== EXERCISE BRIEF ==
Among the lines below, output only those between the line holding "The Income Tax" and the line holding "Konkrétně v červeném", inclusive, exactly as written and with no pictures.

== RECORD EXCERPTS ==
__________________________________________________
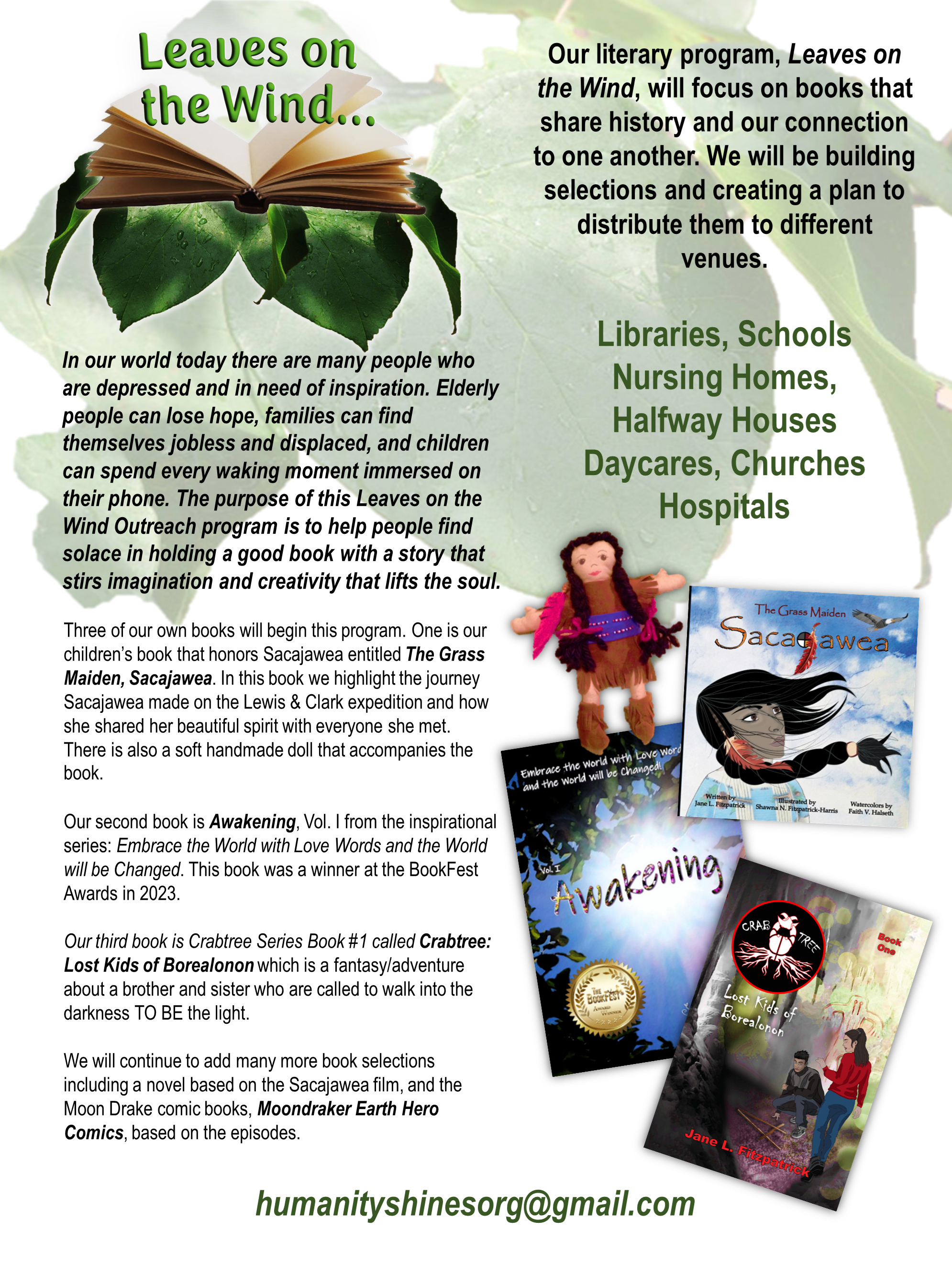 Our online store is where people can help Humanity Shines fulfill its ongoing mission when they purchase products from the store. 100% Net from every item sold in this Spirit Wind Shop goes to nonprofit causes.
__________________________________________________
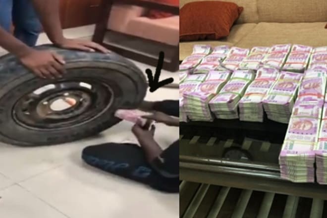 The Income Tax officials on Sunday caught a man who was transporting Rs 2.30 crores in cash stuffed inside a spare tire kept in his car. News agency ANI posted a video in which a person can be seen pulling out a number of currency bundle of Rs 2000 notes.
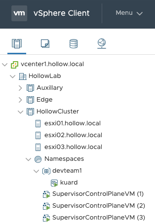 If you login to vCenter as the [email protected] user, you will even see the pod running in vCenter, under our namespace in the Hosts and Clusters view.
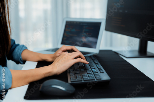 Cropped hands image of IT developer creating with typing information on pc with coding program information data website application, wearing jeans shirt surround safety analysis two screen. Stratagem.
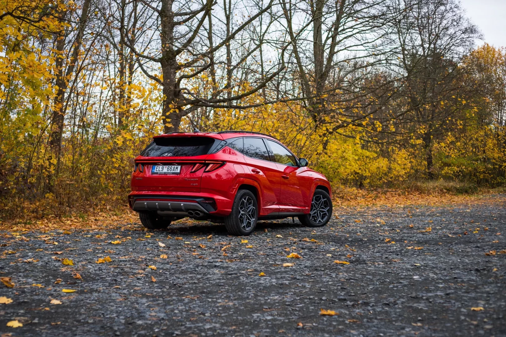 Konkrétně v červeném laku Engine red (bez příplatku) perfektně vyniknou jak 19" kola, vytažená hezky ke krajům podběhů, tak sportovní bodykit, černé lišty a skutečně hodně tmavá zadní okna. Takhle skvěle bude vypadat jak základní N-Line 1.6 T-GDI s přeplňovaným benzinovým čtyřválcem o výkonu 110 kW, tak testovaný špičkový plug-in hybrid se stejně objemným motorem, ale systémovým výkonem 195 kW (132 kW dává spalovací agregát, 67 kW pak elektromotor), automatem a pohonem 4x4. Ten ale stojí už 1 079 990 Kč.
__________________________________________________
== YOUR RESPONSE ==
 The Income Tax officials on Sunday caught a man who was transporting Rs 2.30 crores in cash stuffed inside a spare tire kept in his car. News agency ANI posted a video in which a person can be seen pulling out a number of currency bundle of Rs 2000 notes.
 If you login to vCenter as the [email protected] user, you will even see the pod running in vCenter, under our namespace in the Hosts and Clusters view.
 Cropped hands image of IT developer creating with typing information on pc with coding program information data website application, wearing jeans shirt surround safety analysis two screen. Stratagem.
 Konkrétně v červeném laku Engine red (bez příplatku) perfektně vyniknou jak 19" kola, vytažená hezky ke krajům podběhů, tak sportovní bodykit, černé lišty a skutečně hodně tmavá zadní okna. Takhle skvěle bude vypadat jak základní N-Line 1.6 T-GDI s přeplňovaným benzinovým čtyřválcem o výkonu 110 kW, tak testovaný špičkový plug-in hybrid se stejně objemným motorem, ale systémovým výkonem 195 kW (132 kW dává spalovací agregát, 67 kW pak elektromotor), automatem a pohonem 4x4. Ten ale stojí už 1 079 990 Kč.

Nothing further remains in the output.